Malah sebaliknya, orang-orang Jawa kerap membuat kompeni takjub perihal perilaku. Soal ini, pernah diceritakan pegawai sipil progresif Belanda bernama G.L. Gonggrijp. Pada Desember 1911, dia bersaksi penuh bahwa di wilayah-wilayah yang terjadi interaksi antara pribumi dan budaya Eropa, orang-orang Jawa amat terlihat jujur.
“Misalnya, di Banten Selatan, Priangan, atau Banyuwangi, tindakan pencurian sama sekali tak dikenal,” tulis Frances Gouda menceritakan pengalaman Gonggrijp, dalam Dutch Cultures Overseas: Praktik Kolonial di Hindia Belanda 1900-1942 (2007).
Di Banyuwangi, sebagaimana diingat Gonggrijp, penduduk desa yang kehilangan sesuatu dalam perjalanan menuju ke sawah atau pasar terdekat, akan kembali menelusuri jalan mereka. Untuk apa? Karena biasanya, barang yang hilang itu akan tergantung di pohon beberapa saat kemudian.
“Ditinggalkan orang lain yang menemukan sebelumnya dalam keadaan utuh,” tulis Gouda.
Alat perlawanan
Pemerintah Kolonial Belanda maupun VOC, pada praktiknya tentu lebih dari sekadar mencuri. Mereka menguras, memeras, dan merampok kekayaan alam Indonesia selama ratusan tahun.
Ketimpangan parah antara penduduk pribumi dan keluarga pejabat Belanda dalam beberapa kasus menjadi faktor maraknya tindak pencurian. Bahkan, di beberapa wilayah muncul jagoan-jagoan yang menggunakan teknik ‘mencuri’ sebagai bentuk perlawanan terhadap penindasan penjajah.
Yang tak kalah masyhur, cerita Si Pitung dari Betawi. Beberapa epos menuliskan, ia tak segan menodong kompeni dan meminta paksa harta yang dimiliki untuk dibagikan kepada para kaum duafa.

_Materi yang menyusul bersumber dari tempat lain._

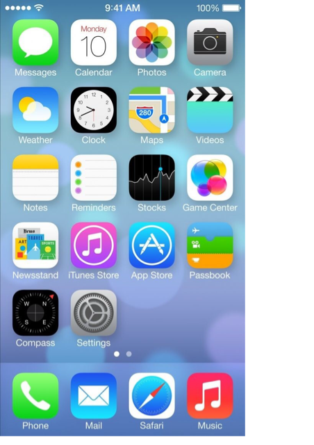 iOS 7′nin en büyük değişikliği elbette arayüzde oldu. Uzun süredir üzerinde çalışıldığı bilinen yeni arayüz daha şık ve sade. Simgeler yeniden tasarlanmış ve önceki sürümlere göre parlaklık düşürülmüş. Parlaklık düşmesine rağmen renk skalası iyice genişlemiş iOS 7′nin. Ekran görüntülerinden görebileceğiniz üzere daha renkli simgeler kullanılmış. Yeni renklere ek olarak şeffaflık efektleri ile de göze hoş gelen etkiler ortaya çıkarmayı başarmışlar. Bu şeffaflık-yarı şeffaflık oyunları sayesinde duvar kağıdını değiştirmeniz bile iPhone’unuzun farklı gözükmesini sağlayabiliyorsunuz.
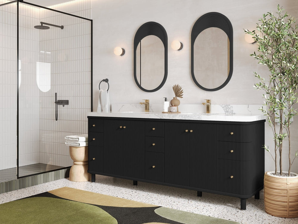 The Miami Vanity is an elegant centerpiece inspired by Miami’s iconic blend of contemporary flair and classic Art Deco charm. Featuring striking fluted detailing, softly rounded edges, and sleek, modern legs, this vanity delivers a luxurious yet approachable style. Its thoughtfully designed interior includes practical organizers and an integrated power station, making everyday routines effortlessly organized. Available in various sizes, beautiful color choices, and countertop materials like quartz, marble, quartzite, or terrazzo, the Miami Vanity easily adapts to your personal aesthetic. Complete with spacious soft-close drawers and premium hardware, this vanity brings functionality, refined design, and exceptional quality to your bathroom space.
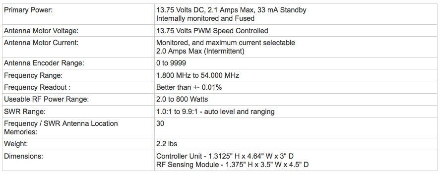 The control unit is an intelligent, microprocessor based, data and Pulse Width Modulated (PWM) Motor Controller that monitors the transmitter frequency and antenna performance, while managing the antenna motor speed and tuning accordingly.
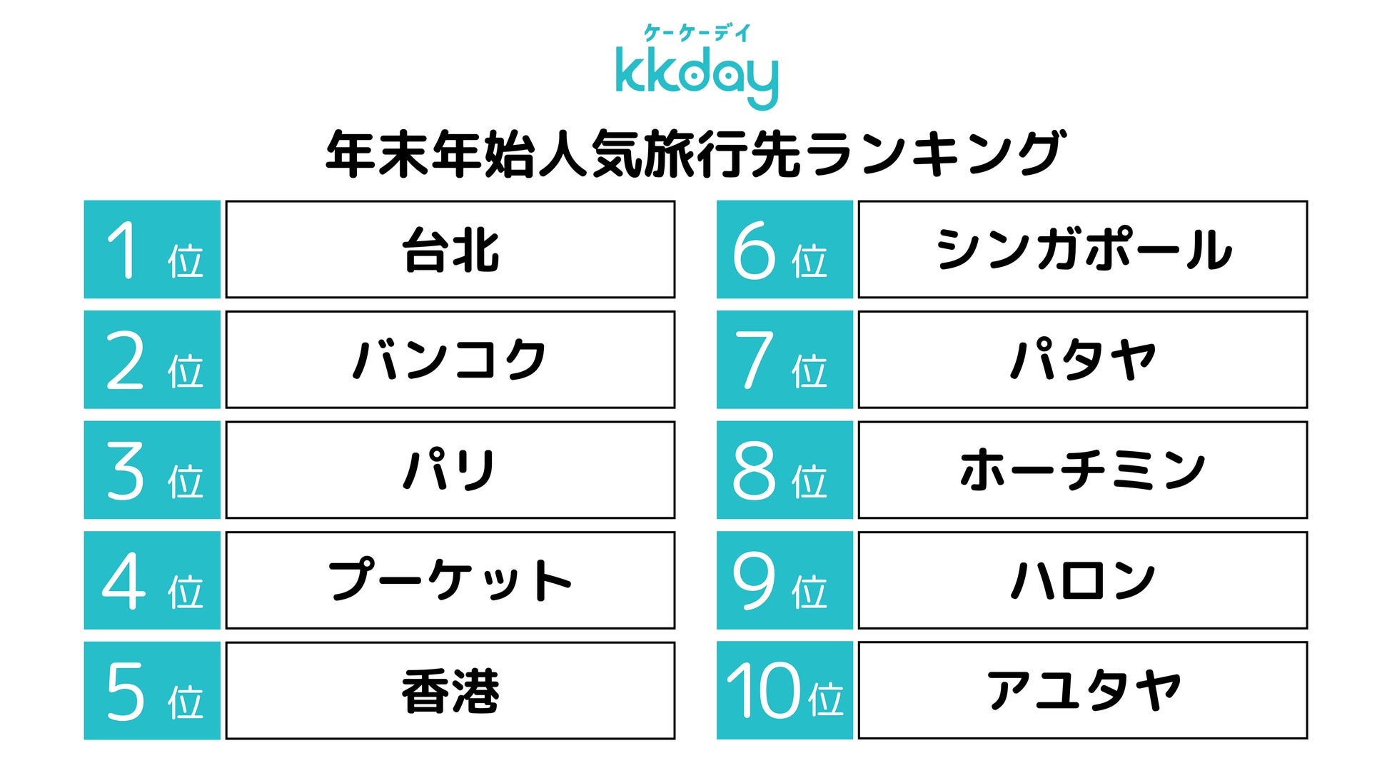 KKdayの年末年始の予約データによると、円安、物価高騰や社会情勢を背景に、海外旅行は近くて身近なアジア圏が引き続き高い人気を誇っています。

“Si Pitung sendiri ketika diekskusi Belanda pada 1894 hanya meninggalkan uang 15 ringgit. Perampok yang ditakuti kompeni ini tidak beristri, tidak suka main perempuan, tidak ngetop (berjudi), meskipun bukannya orang alim,” tulis Alwi Shahab, dalam Robinhood Betawi: Kisah Betawi Tempo Doeloe (2001).

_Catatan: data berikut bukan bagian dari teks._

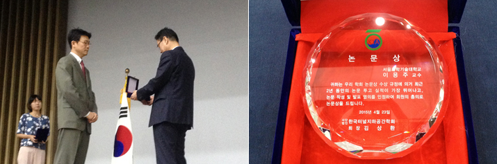 Áö³ 4¿ù 23ÀÏ(¸ñ) ¿ì¸®´ëÇÐ °Ç¼³½Ã½ºÅÛ°øÇаú¿¡¼´Â ÀÌ¿ëÁÖ ±³¼ö°¡ Çѱ¹ÅͳÎÁöÇϰø°£ÇÐȸ(ÇÐȸÀå ±è»óȯ)·ÎºÎÅÍ ÅͳΠ¹× ÁöÇϰø°£ºÐ¾ß ¿¬±¸¹ßÀü¿¡ ±â¿©ÇÑ °ø·Î·Î ³í¹®»óÀ» ¹Þ¾Ò´Ù°í ¹àÇû´Ù. ÀÌ¿ëÁÖ ±³¼ö´Â ÃÖ±Ù 2³â°£ ³í¹® Åõ°í ½ÇÀûÀÌ °¡Àå ¶Ù¾î³ª°í ³í¹® ÀÛ¼º ¹× ¹ßÇ¥ ¿ÀǸ¦ ÀÎÁ¤¹Þ¾Æ º» »óÀ» ¼ö»óÇÏ¿´´Ù.

Semangat Pitung tidak padam. Sejarawan Betawi yang karib disapa Abah Alwi itu melanjutkan, gerakan perlawanan jenis ini kemudian diteruskan generasi berikutnya. Sebut saja, Haji Entong Gendut yang memimpin pemberontakan di Tanjung Timur pada 1916.
“Pada revolusi fisik (1945-1950), para jago Betawi merupakan pahlawan yang berjuang di garis depan melawan Belanda. Seperti Sabeni dan Derahman Jeni, dua jago Tanah Abang,” tulis Abah Alwi masih dalam buku yang sama.
Lantas, seperti apakah wajah para pencuri pada puasa tahun ini? Jawabannya, maling-maling modern itu juga rupanya sedang pening bukan kepalang. Lantaran anaknya balagu atau kebiasaan istri yang pamer melulu, mereka pun kini tengah ditsunami rasa resah, ngeri tiba-tiba diciduk lembaga antirasuah. Wallahu a’lam.